Non c'è alcun dubbio che in America abbiano fame di "eroi", eroi in senso buono naturalmente: quelli sportivi.
Pochi mesi fa è salito agli onori delle cronache un ragazzone che gioca quarterback in Colorado, Tim Tebow, il quale, nonostante abbia una tecnica di lancio a dir poco rozza e statistiche sui passaggi non proprio esaltanti (e converrete con me che per un QB questo potrebbe e dovrebbe essere un problema) ha letteralmente trascinato i Denver Broncos ai playoff della NFL.
Poco importa che siano forse stati il carisma o l'aiuto "soprannaturale", essendo Tim profondamente religioso, più che le effettive capacità del giovanotto a trasformare gli scarsi Broncos in un team vincente, resta il fatto che la popolarità dell'ex QB dei Florida Gators è stata talmente debordante che alla vigilia del Superbowl su Twitter molti addetti ai lavori si chiedevano quando la ESPN avrebbe smesso di parlare di Tebow per occuparsi finalmente della partita imminente.

Terminata la stagione del football adesso è un altro eroe che riempie gli onori delle cronache: Jeremy Shu How Lin, per il quale è stato appunto coniato il termine "Linsanity".
La storia di questo cestista cino-californiano è in certo senso molto "americana": rimasto "undrafted" (non scelto) alla lotteria del 2010 viene invitato dai Mavericks, forse impressionati dalla sua media punti ad Harvard nella Ivy league (dove prima si studia poi si fa sport), a giocare nella Summer League dove ha modo di mettersi in mostra perché riceve alcune proposte di contratto e sceglie Golden State, squadra in cui rimane un anno a mezzo milione di dollari e gioca 29 partite con 2,6 punti di media.
Nel 2011 passa a New York e le sue cifre sono del pari poco esaltanti.
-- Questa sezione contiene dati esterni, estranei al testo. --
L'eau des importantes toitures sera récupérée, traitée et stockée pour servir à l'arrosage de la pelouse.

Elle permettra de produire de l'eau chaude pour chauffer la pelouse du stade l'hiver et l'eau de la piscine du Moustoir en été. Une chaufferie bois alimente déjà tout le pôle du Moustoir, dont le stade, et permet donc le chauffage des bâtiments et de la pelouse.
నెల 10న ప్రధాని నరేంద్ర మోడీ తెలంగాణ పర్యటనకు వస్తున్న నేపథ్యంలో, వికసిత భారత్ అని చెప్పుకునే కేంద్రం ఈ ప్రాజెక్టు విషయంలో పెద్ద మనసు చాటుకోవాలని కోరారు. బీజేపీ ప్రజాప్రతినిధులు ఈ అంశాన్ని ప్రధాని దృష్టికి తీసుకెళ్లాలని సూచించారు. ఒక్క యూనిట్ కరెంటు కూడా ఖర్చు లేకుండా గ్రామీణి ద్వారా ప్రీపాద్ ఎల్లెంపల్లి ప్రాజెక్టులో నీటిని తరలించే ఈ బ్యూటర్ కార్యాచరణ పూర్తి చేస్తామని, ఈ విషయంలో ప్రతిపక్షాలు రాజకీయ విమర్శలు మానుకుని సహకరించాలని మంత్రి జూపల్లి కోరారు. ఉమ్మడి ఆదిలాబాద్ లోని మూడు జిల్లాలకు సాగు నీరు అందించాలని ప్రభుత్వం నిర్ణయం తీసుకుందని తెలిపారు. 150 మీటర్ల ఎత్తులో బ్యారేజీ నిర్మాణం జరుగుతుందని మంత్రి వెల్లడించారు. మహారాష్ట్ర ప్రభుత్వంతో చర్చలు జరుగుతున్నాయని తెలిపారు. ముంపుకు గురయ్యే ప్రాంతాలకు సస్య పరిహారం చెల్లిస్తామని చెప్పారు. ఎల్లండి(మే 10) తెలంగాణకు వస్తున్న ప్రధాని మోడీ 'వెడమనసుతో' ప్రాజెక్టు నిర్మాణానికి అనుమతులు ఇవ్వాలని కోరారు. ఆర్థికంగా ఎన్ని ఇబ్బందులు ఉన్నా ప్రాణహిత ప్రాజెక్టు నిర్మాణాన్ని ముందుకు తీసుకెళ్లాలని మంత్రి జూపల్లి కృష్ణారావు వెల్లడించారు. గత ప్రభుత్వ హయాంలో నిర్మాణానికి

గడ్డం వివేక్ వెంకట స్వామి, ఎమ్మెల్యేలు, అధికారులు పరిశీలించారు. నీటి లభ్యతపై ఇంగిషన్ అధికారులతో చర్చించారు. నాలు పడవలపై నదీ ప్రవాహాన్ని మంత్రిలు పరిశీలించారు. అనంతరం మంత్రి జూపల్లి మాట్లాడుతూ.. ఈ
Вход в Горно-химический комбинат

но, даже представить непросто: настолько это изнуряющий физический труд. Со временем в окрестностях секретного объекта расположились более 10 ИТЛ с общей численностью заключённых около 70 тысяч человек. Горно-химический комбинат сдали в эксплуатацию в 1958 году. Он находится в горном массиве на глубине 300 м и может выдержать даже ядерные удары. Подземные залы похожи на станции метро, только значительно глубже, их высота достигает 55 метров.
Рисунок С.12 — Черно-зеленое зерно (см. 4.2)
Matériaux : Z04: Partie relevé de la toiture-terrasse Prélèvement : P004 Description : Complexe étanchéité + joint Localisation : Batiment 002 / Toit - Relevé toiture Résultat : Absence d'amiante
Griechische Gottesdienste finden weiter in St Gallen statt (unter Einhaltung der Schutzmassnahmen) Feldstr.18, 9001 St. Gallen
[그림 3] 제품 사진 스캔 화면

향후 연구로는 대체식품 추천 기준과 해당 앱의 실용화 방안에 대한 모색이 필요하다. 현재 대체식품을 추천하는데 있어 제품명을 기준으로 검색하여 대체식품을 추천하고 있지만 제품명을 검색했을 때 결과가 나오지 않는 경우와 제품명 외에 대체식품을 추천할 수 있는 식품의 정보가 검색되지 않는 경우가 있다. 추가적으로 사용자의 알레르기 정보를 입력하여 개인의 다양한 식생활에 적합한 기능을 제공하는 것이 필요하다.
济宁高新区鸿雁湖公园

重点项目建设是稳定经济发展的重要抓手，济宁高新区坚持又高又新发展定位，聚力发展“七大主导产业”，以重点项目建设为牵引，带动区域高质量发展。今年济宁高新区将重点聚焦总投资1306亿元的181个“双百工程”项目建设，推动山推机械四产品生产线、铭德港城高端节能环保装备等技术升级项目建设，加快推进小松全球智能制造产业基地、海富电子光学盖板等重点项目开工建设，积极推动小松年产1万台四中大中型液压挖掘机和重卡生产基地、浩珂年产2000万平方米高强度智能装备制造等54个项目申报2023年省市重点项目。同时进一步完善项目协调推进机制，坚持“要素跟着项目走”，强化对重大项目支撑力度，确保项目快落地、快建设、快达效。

Tuttavia qualcuno lo ama o intravede in lui notevoli potenzialità perché a Natale, all'inizio di questa stagione ridotta dell'NBA, Lin è di nuovo seduto sulla panchina dei Knicks e sembra destinato a restarci a lungo ed alzarsi solo in rare occasioni e per pochi minuti, come del resto la stagione precedente e quella prima ancora.
Ma in America, si dice, tutti hanno una possibilità e non c'è dubbio che Lin abbia giocato bene la sua mano nell'occasione che la sorte e la vita gli hanno concesso: infortuni a catena per la squadra coi pantaloni alla zuava e coach D'Antoni, vecchia conoscenza della palla al cesto italica, lo mette in campo da titolare; sarà un successo.
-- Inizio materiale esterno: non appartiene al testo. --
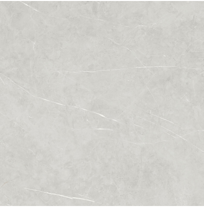
TESSINO SMOKE PULIDO P1212P
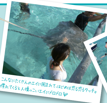
こんなにたくさんのエイに囲まれて、はじめは恐る恐るタッチの慣れてくると人懐っこいエイにメロメロ
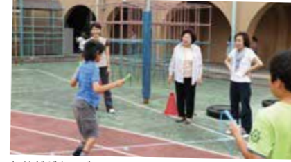
わせだギネスディにおけるスポーツ支援の様子

早稲田学(学習)支援、読書活動支援、スポーツ支援の3つを柱に、子どもたちの安全と成長を多くの目で見守っています。近隣からの温かい支援に事欠かない早稲田では、子どもも大人も顔見知りの笑顔溢れる地域を目指します。
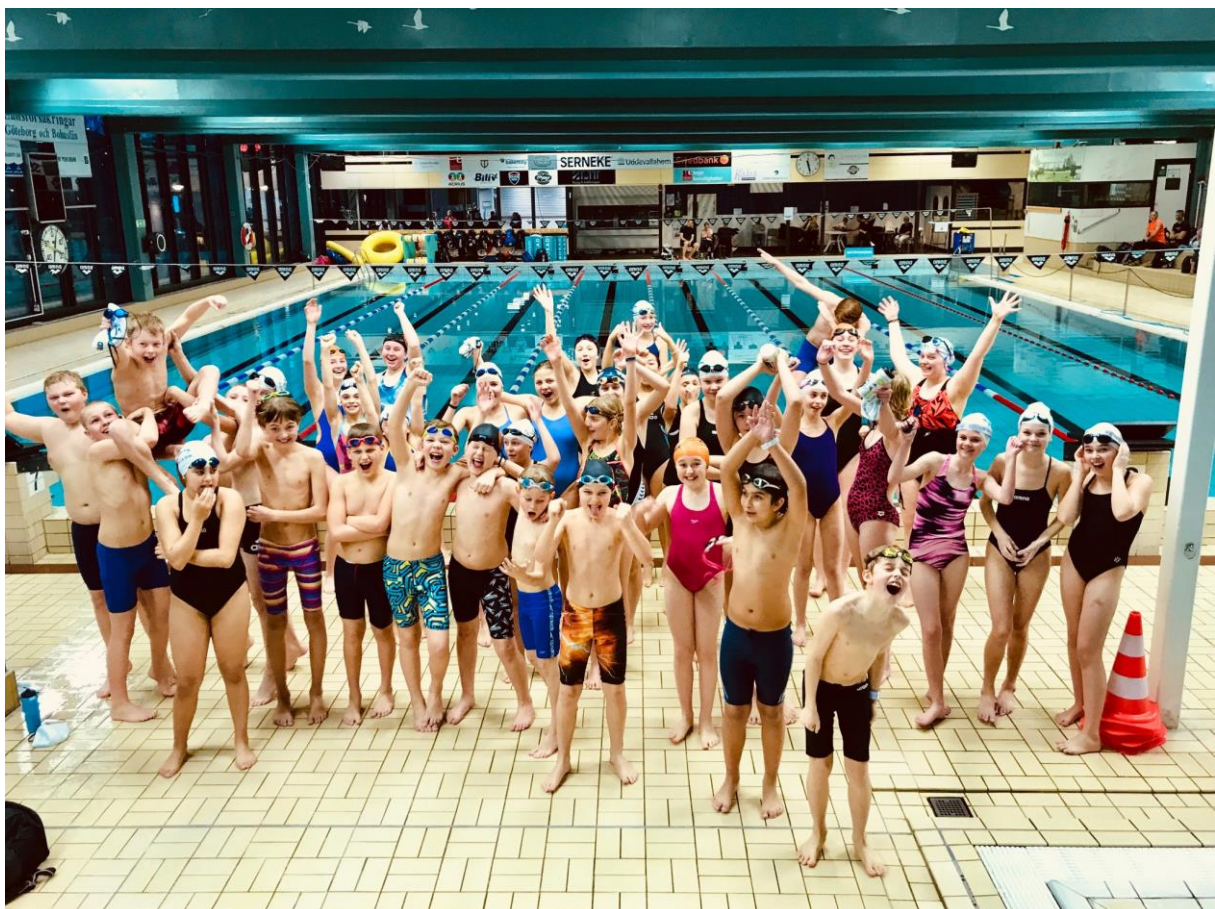
DualMeet mot Uddevalla under ett hemmaläger för Kungälvs yngre simmare

Genomfördes i enlighet med traditionen. Det var en god spridning mellan grupperna med mycket aktivitet och teambuilding. Simmarna fick upp konditionen bra efter veckan samt en bra grund i tekniksimmningen inför säsongen. Bunkergames genomfördes, lyckat som alltid.
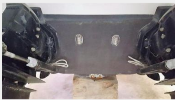
Custom underwater lighting
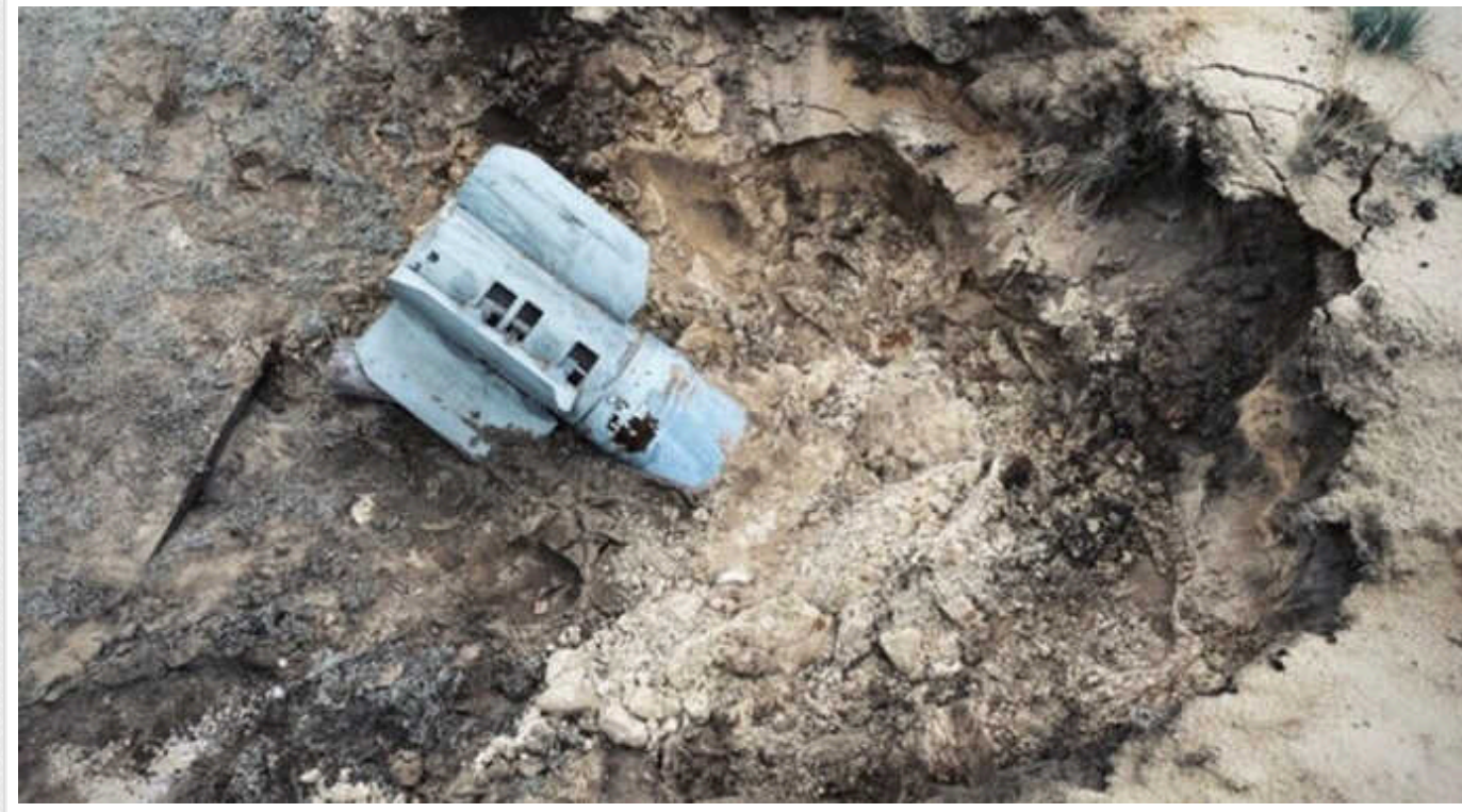
Російські війська минулої доби випустили по Херсонщині 310 снарядів: є загиблий і поранені

Минулої доби російські загарбники випустили по Херсонщині 310 снарядів, загинула одна людина.

Nella prima partita da partente Lin scrive a referto 25 punti, poi ne segna 28 e quindi 23, ma è ancora un carneade. Gli onori delle cronache arrivano il 10 febbraio quando praticamente da solo strapazza i Lakers mettendo a segno 38 punti, conditi con 7 assist, ma la vera Linsanity comincia il giorno di San Valentino quando il nostro eroe si dimostra anche uno con la mentalità vincente imbucando il tiro da tre vincente all'ultimo secondo contro i Raptors.
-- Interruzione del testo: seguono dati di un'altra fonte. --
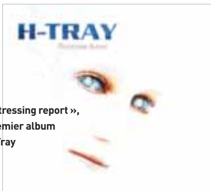
« Distressing report », le premier album d'H-Tray

Suit une présélection régionale sur écoute. Un jury composé de professionnels de la musique choisit parmi la totalité des candi-
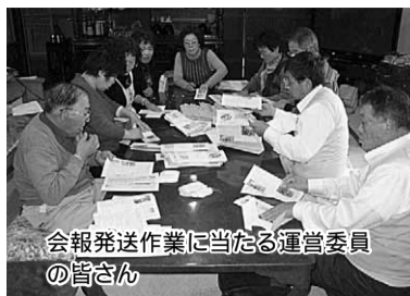
会報発送作業に当たる運営委員の皆さん

活動地域は上田市・須坂市・千曲市・坂城町・峯の原・菅平・青木村他の多くの行政区(併せて人口約30万人)に跨がり、山地を含んで縦横夫々約20kmもある広さ、利用できる公共交通機関が少ない困難な状況
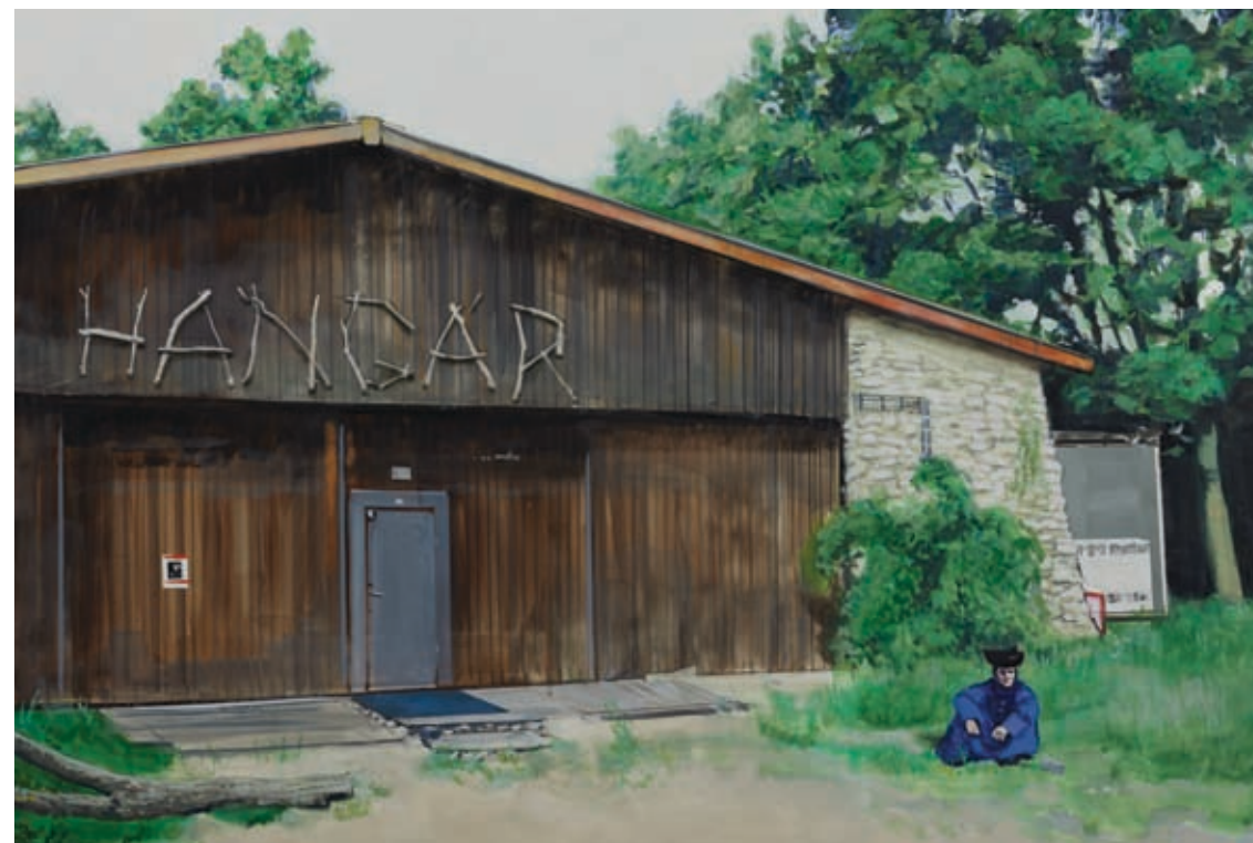
Kukorica, szója, beton / Corn, soy, concrete, 2008

Da allora l'astro di Lin brilla di luce propria e i tifosi dei Knicks, da anni assetati di vittorie, impazziscono: le magliette vanno a ruba, piatti e bevande vengono battezzati con il suo nome e perfino una copertina di Time lo onora.
Non si deve neanche trascurare la provenienza etnica della brillantissima stella, la comunità cino-americana, vittima di stereotipi e di razzismo, che ci consente così di chiudere il cerchio sulla favola americana: un signor nessuno, sottostimato per pregiudizi razziali, che si alza dalla panchina cui sembra destinato per tutta la vita e vola ad abbracciare gli onori e la gloria.

Ma sarà, appunto, vera e duratura gloria?